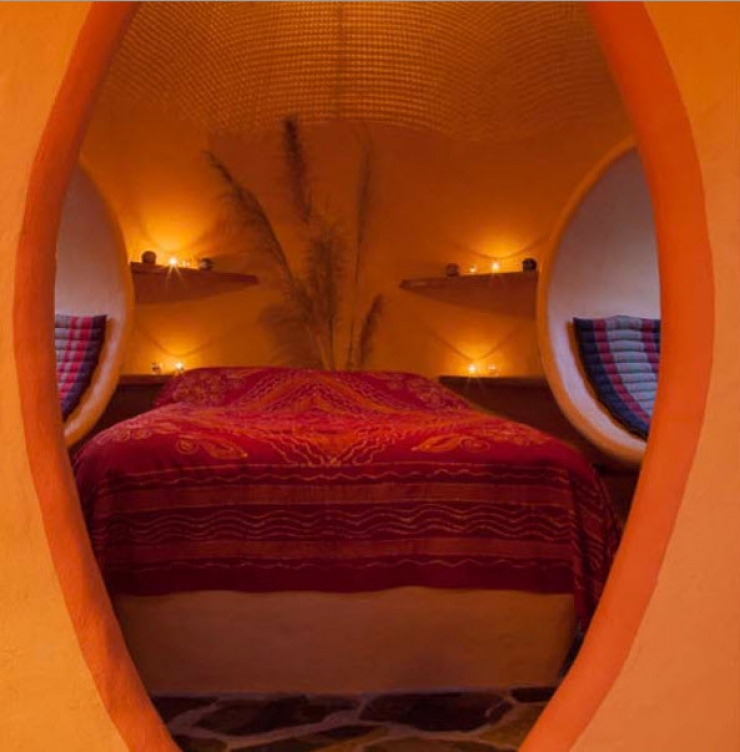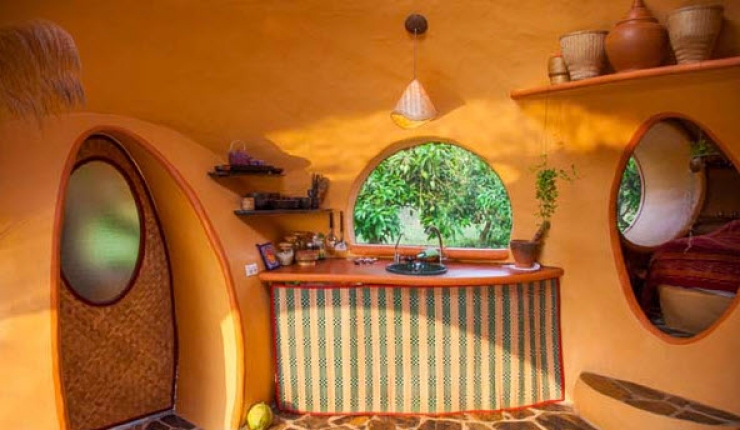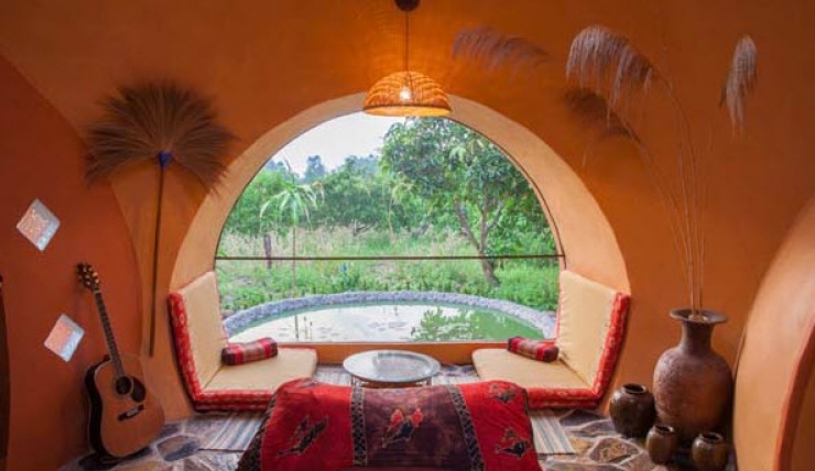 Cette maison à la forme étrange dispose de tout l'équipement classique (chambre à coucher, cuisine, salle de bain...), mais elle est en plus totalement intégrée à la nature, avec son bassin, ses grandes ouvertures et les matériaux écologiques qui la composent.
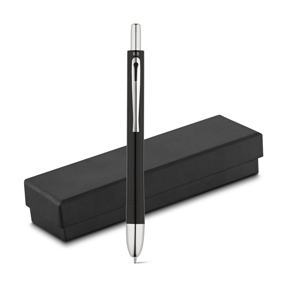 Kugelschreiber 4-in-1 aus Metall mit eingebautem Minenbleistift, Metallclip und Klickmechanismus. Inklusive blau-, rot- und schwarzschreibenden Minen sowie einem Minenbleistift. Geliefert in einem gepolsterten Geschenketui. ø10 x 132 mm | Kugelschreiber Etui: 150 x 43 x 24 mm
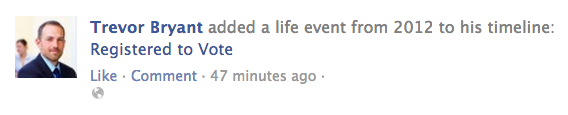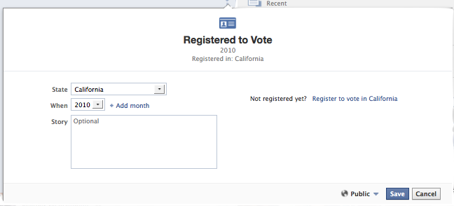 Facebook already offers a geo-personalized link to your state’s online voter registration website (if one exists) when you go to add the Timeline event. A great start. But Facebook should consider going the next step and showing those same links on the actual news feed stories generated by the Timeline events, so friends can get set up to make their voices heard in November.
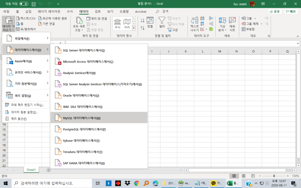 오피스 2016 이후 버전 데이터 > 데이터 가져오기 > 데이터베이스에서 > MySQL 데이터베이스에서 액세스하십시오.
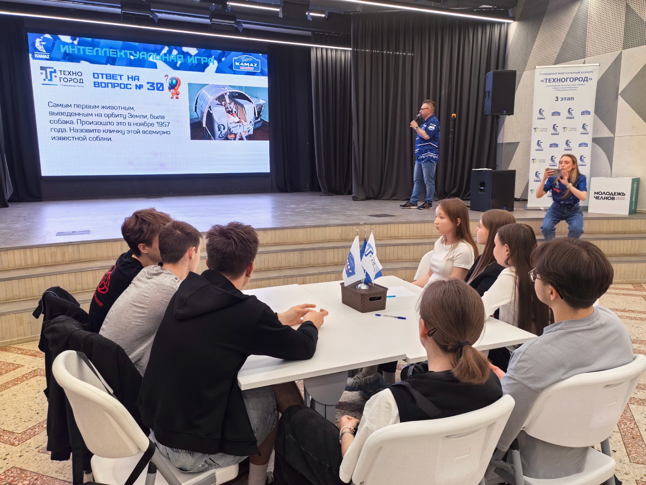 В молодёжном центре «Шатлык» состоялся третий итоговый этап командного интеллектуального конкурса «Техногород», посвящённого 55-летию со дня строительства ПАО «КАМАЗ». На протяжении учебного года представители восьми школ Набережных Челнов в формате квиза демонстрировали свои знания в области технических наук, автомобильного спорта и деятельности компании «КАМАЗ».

-- -- --

- _TASK ITEM_
Pictures are to be omitted. The lines from the line holding "오피스 2016 이후" through the closing line of the data above are to be set down exactly, and nothing more.

- _OUTPUT FOR THIS EXERCISE_
 오피스 2016 이후 버전 데이터 > 데이터 가져오기 > 데이터베이스에서 > MySQL 데이터베이스에서 액세스하십시오.
 В молодёжном центре «Шатлык» состоялся третий итоговый этап командного интеллектуального конкурса «Техногород», посвящённого 55-летию со дня строительства ПАО «КАМАЗ». На протяжении учебного года представители восьми школ Набережных Челнов в формате квиза демонстрировали свои знания в области технических наук, автомобильного спорта и деятельности компании «КАМАЗ».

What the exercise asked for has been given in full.